Training seq2seq translation with multi gpu gives error invalid argument 6: wrong matrix size at /pytorch/aten/src/THC/generic/THCTensorMathBlas.cu:492

this is the attention decoder structure

AttnDecoderRNN(
(embedding): Embedding(79586, 256, padding_idx=2)
(attn): Linear(in_features=512, out_features=700, bias=True)
(attn_combine): Linear(in_features=512, out_features=256, bias=True)
(dropout): Dropout(p=0.1)
(gru): GRU(256, 256)
(out): Linear(in_features=256, out_features=79586, bias=True)
)
and encoder structure is

EncoderRNN(
(embedding): Embedding(93553, 256, padding_idx=2)
(gru): GRU(256, 256)
)
@ptrblck

in the below line

attn_applied = torch.bmm(attn_weights.unsqueeze(0),
                                 encoder_outputs.unsqueeze(0))

in that attn_weights [1,700] and encoder_outputs [1,512]. The problem should be with encoder outputs because in that i am passing a single sentence for that sentence its giving matrix with 512 values and in the encoder outputs the input is 1 sentence so its giving the shape as [1*512] and if i do bmm with that value then only the error is coming @ptrblck

Are you sure the dimension error is coming from this line of code?
I’m not sure to understand the shapes correctly.

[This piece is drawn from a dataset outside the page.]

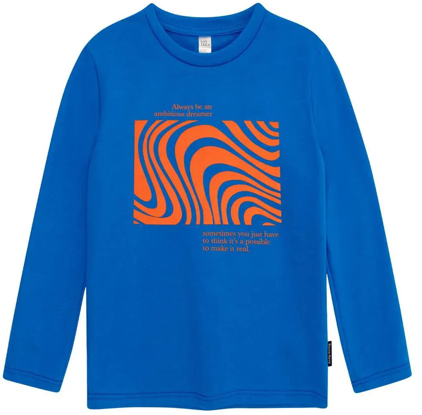 Качественный лонгслив. За период носки и стирки ткань не скаталась, не потеряла цвет и не дала усадку. Идет размер в размер. На рост 123 размер 128 идет с небольшим запасом. Ткань не тонкая, достаточно плотная, но и не толстая. Покупкой довольна!

Your encoder_outputs seem to have a shape of [17,0]?

That is because of dimension as i think because bmm the shape should be (b×n×m) and (b×m×p) then only it will give (b×n×p) as the output shape here the attn_weights is [1,700] and encoder_outputs shape is [1,512] but it should have to be in shape [700,512] then only the bmm will work correctly. @ptrblck

RuntimeError: invalid argument 2: wrong matrix size, batch1: 1x700, batch2: 1x512 at /pytorch/aten/src/TH/generic/THTensorMath.cpp:2312

This is the error i got recently and coming from the line


attn_applied = torch.bmm(attn_weights.unsqueeze(0),
                                  encoder_outputs.unsqueeze(0))

Would it work if you unsqueeze attn_weights in dim2 and encoder_outputs in dim1? Based on your description this should yield your desired output shape.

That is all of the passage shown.